The PSD2 directive has been delayed, but will we be ready for it despite the extra time allowed? Will businesses be prepared? Are consumers even aware? And how will it affect us all?
The second Payment Service Directive has been put forward by the European Union to help control and regulate the emerging payment services, such as digital challenger banks, smart payment apps, and potentially the cryptocurrency ecosystem in a manner consistent with traditional models. The idea is to make payments more secure, help to keep prices down and to create a system of governance for the new tech-based methods, without the risk of deterring innovation or startups.
The directive now comes into force on March 14, 2021. It’s arguably a good idea. On the surface, anything compulsory that requires investment can feel like a bad thing for business. And with PSD2, one of the major negatives is that because of this, most businesses are not yet ready for the change. Why? Sure, there will be cases of "why do today what you can put off until tomorrow?" But it’s also because it involves a huge amount of work. And coming hot on the tail of GDPR, which required a whole different set of preparation, businesses — particularly smaller operations — simply haven’t had the wherewithal to implement the changes necessary to keep up with the new regulations.
So, while your village corner shop probably won’t suffer immediately for not having the means to function within the PSD2 framework, they will eventually.
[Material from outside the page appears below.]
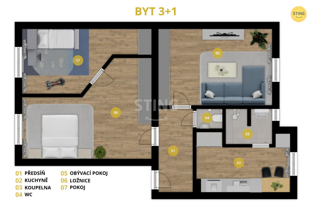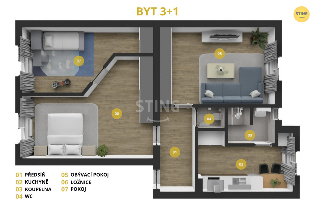 Nabízíme k prodeji byt v osobním vlastnictví o dispozici 3+1 na adrese

And larger companies will feel the pressure sooner, as transactions are declined and greater pressure on alternative payment methods comes into play.
However, in the longer term, a safer, more secure framework is being put into place. The breadth of the potential of new payment methods — for both customers and businesses — is being highlighted. The limitations of the 30-year-old, pre-internet card system also is exposed. So, the argument here really can’t be that PSD2 is a bad thing. Simply that the enforcement of a hard break could be untenable. And perhaps more European countries should get behind the FCA's decision to postpone SCA (strong customer authentication) integration as part of PSD2, with a view to the gradual implementation over time.
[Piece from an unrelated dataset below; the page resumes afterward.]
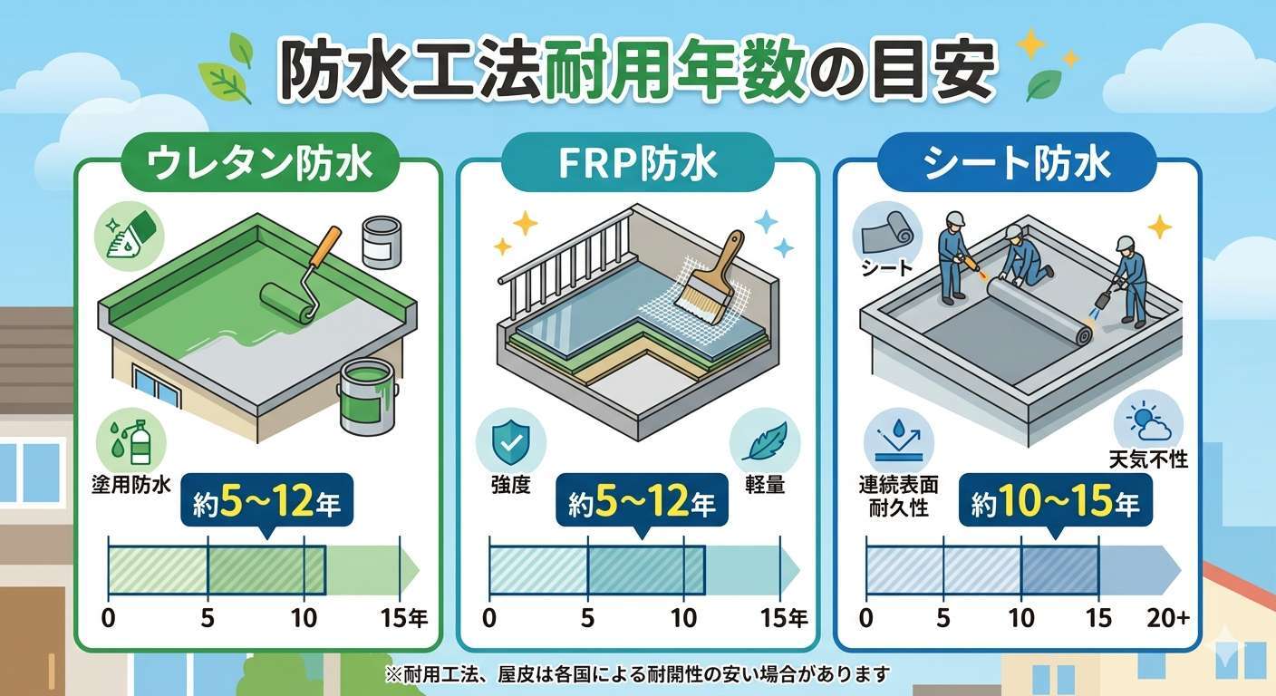 主な防水工法の耐用年数の目安は以下の通りです。

Thus far PSD2 may well have escaped the typical consumer’s notice. But it could eventually impact upon purchasing experiences. It’s estimated that as many as 40% of transactions could be declined in the initiation period. This and other changes could well cause friction for consumers. So, is it going to be a worthwhile change for them?
When taken alone, maybe not. But as smart banking becomes integrated into the traditional banking framework, it could deliver the best of both worlds: the flexibility of the emerging technology, with the security and stringent regulations of the established system. But this will only be perceived as beneficial with hindsight if the implementation can be gently phased, avoiding the potential disruption of a hard break, something the extra 18 months might help us achieve.
Whether customers ultimately come on board with PSD2 and smart banking remains to be seen. And the ease of implementation will undoubtedly influence that. But I am of the opinion that as great products and services grow, the general standard of banking interfaces will need to rise to meet them. That means open data and APIs will have made life better for everyone and from a customer’s perspective, that's a positive.